築橋的人 Will Allen Dromgoole

一個老人,走過一條道路孤單,
日落黃昏,陰冷而且灰暗,
到了一個河谷,又大,又深,又寬,
高漲的水,湧流在中間。
老人不擔心那漲溢的河流,
因他在黃昏已經過到對岸;
他回來要築一道跨河的橋,
雖然他已安全到了那邊。
有個同路的旅人來對他說:
“老人,你何必浪費氣力修建;
你不需要再經過這條路,
你的行程要終結在將完今天;
你已經渡過了這廣闊的深淵,
何必要築橋在天色已晚?”

築橋者抬起他白髮蒼蒼的頭說:
“朋友,我走過了這條道路,
今天有個跟隨我的少年人,
他的腳步也要經過這旅途。
這深淵對過來人已不算甚麼,
對那少年卻可能使他失足。
好朋友,我是為了來人修築,
因為他也要經過在昏暗的日暮。
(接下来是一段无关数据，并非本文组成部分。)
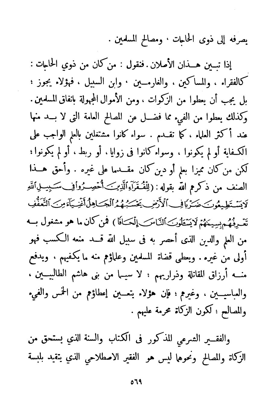 يَصْرِفُهُ إلَى ذَوِي الْحَاجَاتِ وَمَصَالِحِ الْمُسْلِمِينَ. إذَا تَبَيَّنَ هَذَانِ الْأَصْلَانِ. فَنَقُولُ: مَنْ كَانَ مِنْ ذَوِي الْحَاجَاتِ: كَالْفُقَرَاءِ وَالْمَسَاكِينِ وَالْغَارِمِينَ وَابْنِ السَّبِيلِ فَهَؤُلَاءِ يَجُوزُ؛ بَلْ يَجِبُ أَنْ يُعْطُوا مِنْ الزَّكَوَاتِ وَمِنْ الْأَمْوَالِ الْمَجْهُولَةِ بِاتِّفَاقِ الْمُسْلِمِينَ. وَكَذَلِكَ يُعْطُوا مِنْ الْفَيْءِ مِمَّا فَضَلَ مِنْ الْمَصَالِحِ الْعَامَّةِ الَّتِي لَا بُدَّ مِنْهَا عِنْدَ أَكْثَرِ الْعُلَمَاءِ كَمَا تَقَدَّمَ. سَوَاءٌ كَانُوا مُشْتَغِلِينَ بِالْعِلْمِ الْوَاجِبِ عَلَى الْكِفَايَةِ أَوْ لَمْ يَكُونُوا وَسَوَاءٌ كَانُوا فِي زَوَايَا أَوْ رَبْطٍ أَوْ لَمْ يَكُونُوا؛ لَكِنْ مَنْ كَانَ مُمَيَّزًا بِعِلْمِ أَوْ دِينٍ كَانَ مُقَدَّمًا عَلَى غَيْرِهِ. وَأَحَقُّ هَذَا الصِّنْفِ مَنْ ذَكَرَهُمْ اللَّهُ بِقَوْلِهِ: {لِلْفُقَرَاءِ الَّذِينَ أُحْصِرُوا فِي سَبِيلِ اللَّهِ لَا يَسْتَطِيعُونَ ضَرْبًا فِي الْأَرْضِ يَحْسَبُهُمُ الْجَاهِلُ أَغْنِيَاءَ مِنَ التَّعَفُّفِ تَعْرِفُهُمْ بِسِيمَاهُمْ لَا يَسْأَلُونَ النَّاسَ إلْحَافًا} فَمَنْ كَانَ مَا هُوَ مَشْغُولٌ بِهِ مِنْ الْعِلْمِ وَالدِّينِ الَّذِي أُحْصِرَ بِهِ فِي سَبِيلِ اللَّهِ قَدْ مَنَعَهُ الْكَسْبَ فَهُوَ أَوْلَى مِنْ غَيْرِهِ. وَيُعْطَى قُضَاةُ الْمُسْلِمِينَ وَعُلَمَاؤُهُمْ مِنْهُ مَا يَكْفِيهِمْ وَيَدْفَعُ مِنْهُ أَرْزَاقَ الْمُقَاتِلَةِ وَذَرَارِيِّهِمْ لَا سِيَّمَا مِنْ بَنِي هَاشِمٍ الطالبيين والعباسيين وَغَيْرِهِمْ؛ فَإِنَّ هَؤُلَاءِ يَتَعَيَّنُ إعْطَاؤُهُمْ مِنْ الْخُمُسِ وَالْفَيْءِ وَالْمَصَالِحِ؛ لِكَوْنِ الزَّكَاةِ مُحَرَّمَةٌ عَلَيْهِمْ. وَالْفَقِيرُ الشَّرْعِيُّ الْمَذْكُورُ فِي الْكِتَابِ وَالسُّنَّةِ الَّذِي يَسْتَحِقُّ مِنْ الزَّكَاةِ وَالْمَصَالِحِ وَنَحْوِهِمَا لَيْسَ هُوَ الْفَقِيرُ الِاصْطِلَاحِيِّ الَّذِي يَتَقَيَّدُ بِلُبْسَةِ

”

The Bridge Builder

An old man, going a lone highway,
Came, at the evening, cold and gray,
To a chasm, vast, and deep, and wide,
Through which was flowing a sullen tide.
The old man crossed in the twilight dim;
The sullen stream had no fear for him;
But he turned, when safe on the other side,
And build a bridge to span the tide.
“Old man,” said a fellow pilgrim, near,
“You are wasting strength with building here;
Your journey will end with the ending day;
You never again must pass this way;
You have crossed the chasm, deep and wide—
Why build you the bridge at the eventide?”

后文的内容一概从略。